• _What is expected_
The whole listing, exactly as given: write it out, leaving out each image.

• _Information provided_
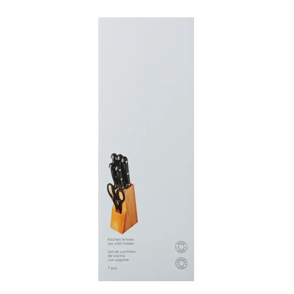 Набор ножей 7 пр. в дер.подставке: ножи кух. 8,5см, 12,5см, 14см, 19см, 19см, ножницы, подставка
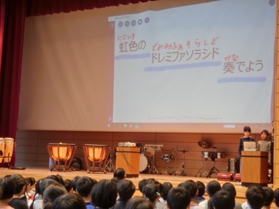 最後に、代表委員会から、音楽会のスローガンが発表されました。子どもたちから出てきた言葉を使って決めたそうです。「虹色の ドレミファソラシド 奏でよう」。週末が楽しみですね。
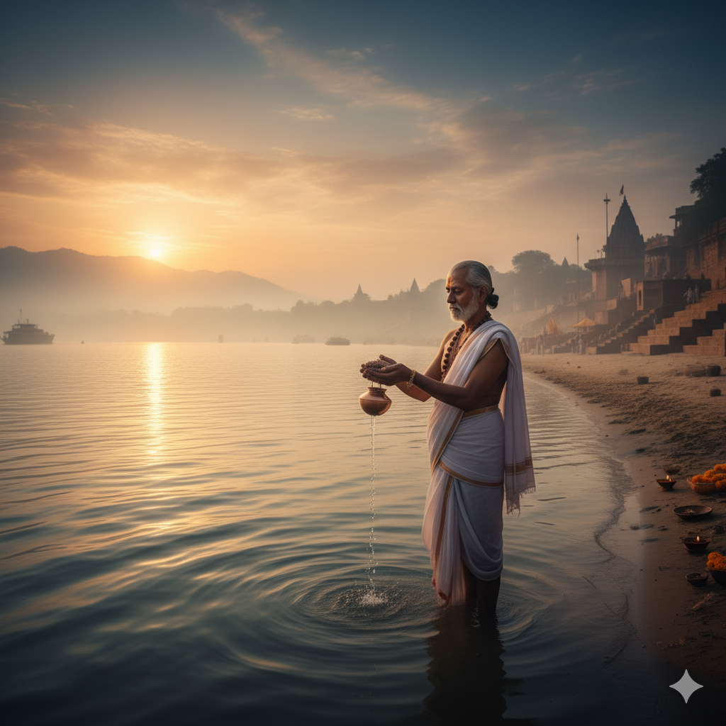 Water mixed with sesame seeds is offered while chanting mantras to pacify ancestors.
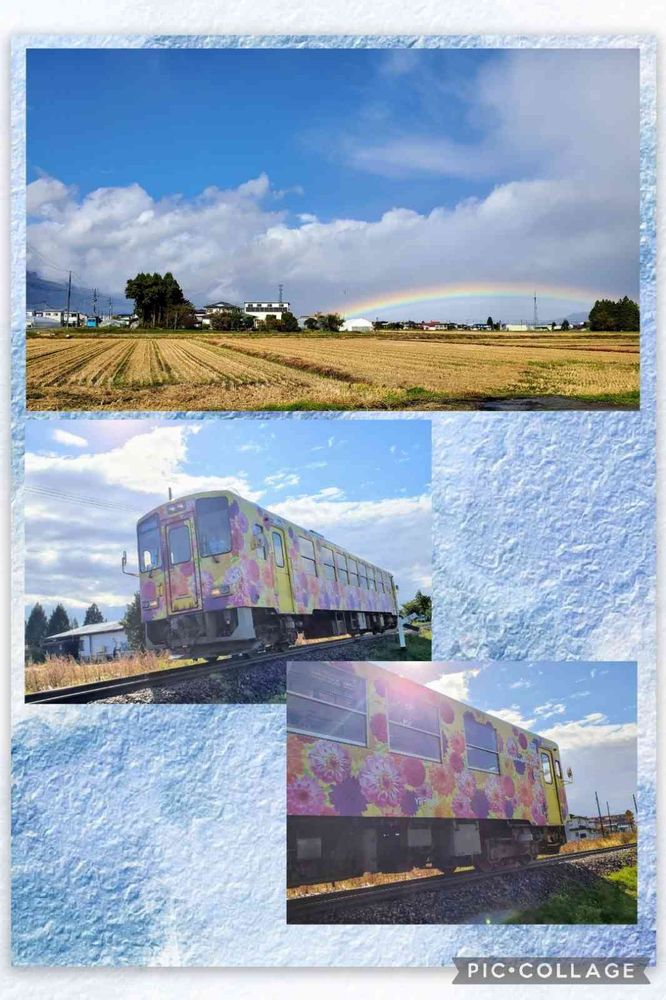 稲刈りを終えた田んぼにまたまた虹🌈がこの週は、ほぼ毎日のように🌈を数回見かけるというレインボー🌈ウィークでした。フラワー長井線🚃のダリア🏵️のラッピングがすごく綺麗でした😆

• _Result of this task_
 Набор ножей 7 пр. в дер.подставке: ножи кух. 8,5см, 12,5см, 14см, 19см, 19см, ножницы, подставка
 最後に、代表委員会から、音楽会のスローガンが発表されました。子どもたちから出てきた言葉を使って決めたそうです。「虹色の ドレミファソラシド 奏でよう」。週末が楽しみですね。
 Water mixed with sesame seeds is offered while chanting mantras to pacify ancestors.
 稲刈りを終えた田んぼにまたまた虹🌈がこの週は、ほぼ毎日のように🌈を数回見かけるというレインボー🌈ウィークでした。フラワー長井線🚃のダリア🏵️のラッピングがすごく綺麗でした😆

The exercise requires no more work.